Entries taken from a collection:
###

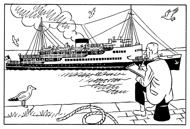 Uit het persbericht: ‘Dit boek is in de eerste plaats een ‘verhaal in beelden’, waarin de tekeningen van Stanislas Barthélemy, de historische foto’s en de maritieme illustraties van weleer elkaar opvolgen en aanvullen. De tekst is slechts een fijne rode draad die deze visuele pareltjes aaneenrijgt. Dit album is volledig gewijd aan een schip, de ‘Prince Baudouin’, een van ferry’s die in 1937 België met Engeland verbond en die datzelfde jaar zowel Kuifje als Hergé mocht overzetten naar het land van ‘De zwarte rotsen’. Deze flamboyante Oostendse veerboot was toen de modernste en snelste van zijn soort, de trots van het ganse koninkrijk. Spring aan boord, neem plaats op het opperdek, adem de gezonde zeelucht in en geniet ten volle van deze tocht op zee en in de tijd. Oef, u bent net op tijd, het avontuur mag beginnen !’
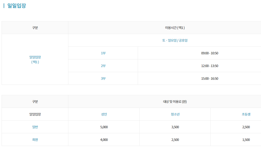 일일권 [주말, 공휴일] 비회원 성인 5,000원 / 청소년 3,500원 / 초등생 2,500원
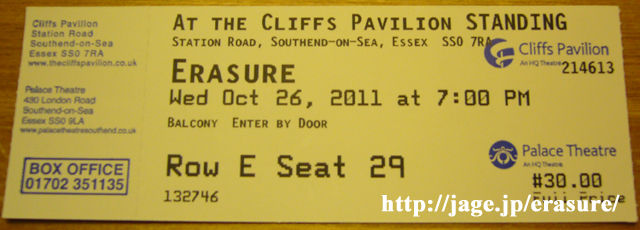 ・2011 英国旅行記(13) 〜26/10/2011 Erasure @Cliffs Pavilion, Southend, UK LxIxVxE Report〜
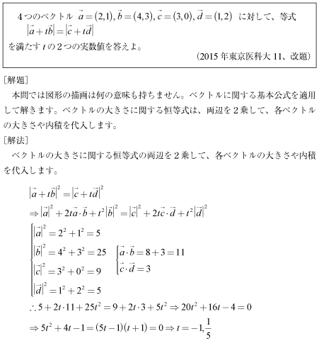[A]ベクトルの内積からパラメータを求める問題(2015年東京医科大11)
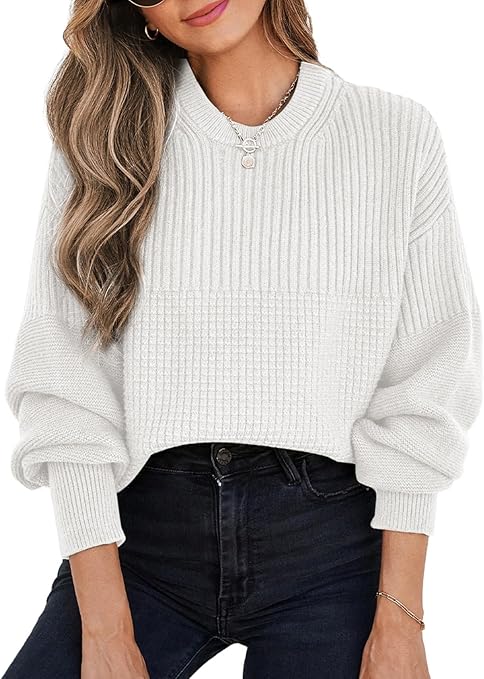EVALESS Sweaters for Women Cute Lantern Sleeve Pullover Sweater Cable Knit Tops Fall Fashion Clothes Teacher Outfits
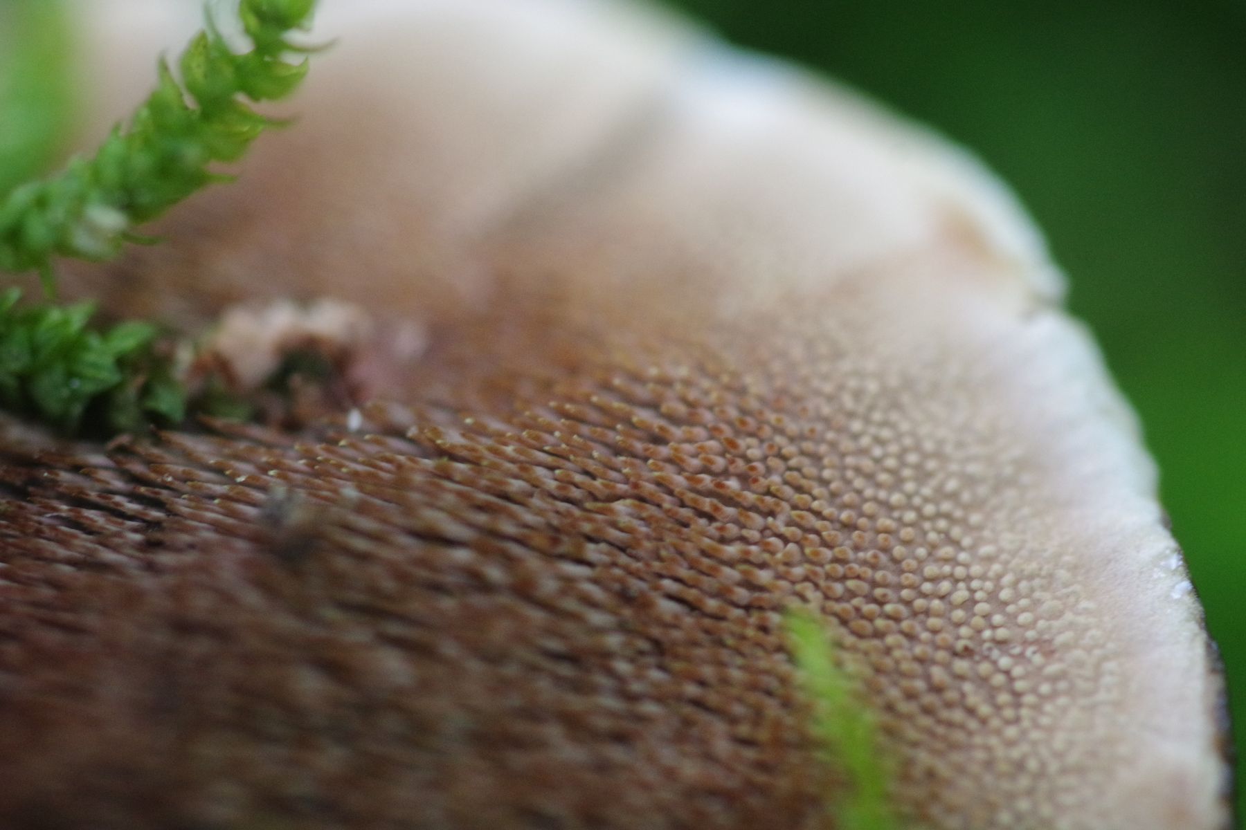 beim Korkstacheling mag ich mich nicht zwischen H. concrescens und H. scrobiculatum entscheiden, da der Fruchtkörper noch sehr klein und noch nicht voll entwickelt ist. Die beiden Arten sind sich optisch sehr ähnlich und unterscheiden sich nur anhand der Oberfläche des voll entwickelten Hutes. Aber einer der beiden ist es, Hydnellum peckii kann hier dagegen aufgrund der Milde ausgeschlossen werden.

###

ABOUT THIS TASK: Return exactly, with no pictures, each line from the one that contains "[A]ベクトルの内積からパラメータを求める問題(2015年東京医科大11)" through the end of the entries above, both ends included.

FINISHED TASK:
[A]ベクトルの内積からパラメータを求める問題(2015年東京医科大11)
EVALESS Sweaters for Women Cute Lantern Sleeve Pullover Sweater Cable Knit Tops Fall Fashion Clothes Teacher Outfits
 beim Korkstacheling mag ich mich nicht zwischen H. concrescens und H. scrobiculatum entscheiden, da der Fruchtkörper noch sehr klein und noch nicht voll entwickelt ist. Die beiden Arten sind sich optisch sehr ähnlich und unterscheiden sich nur anhand der Oberfläche des voll entwickelten Hutes. Aber einer der beiden ist es, Hydnellum peckii kann hier dagegen aufgrund der Milde ausgeschlossen werden.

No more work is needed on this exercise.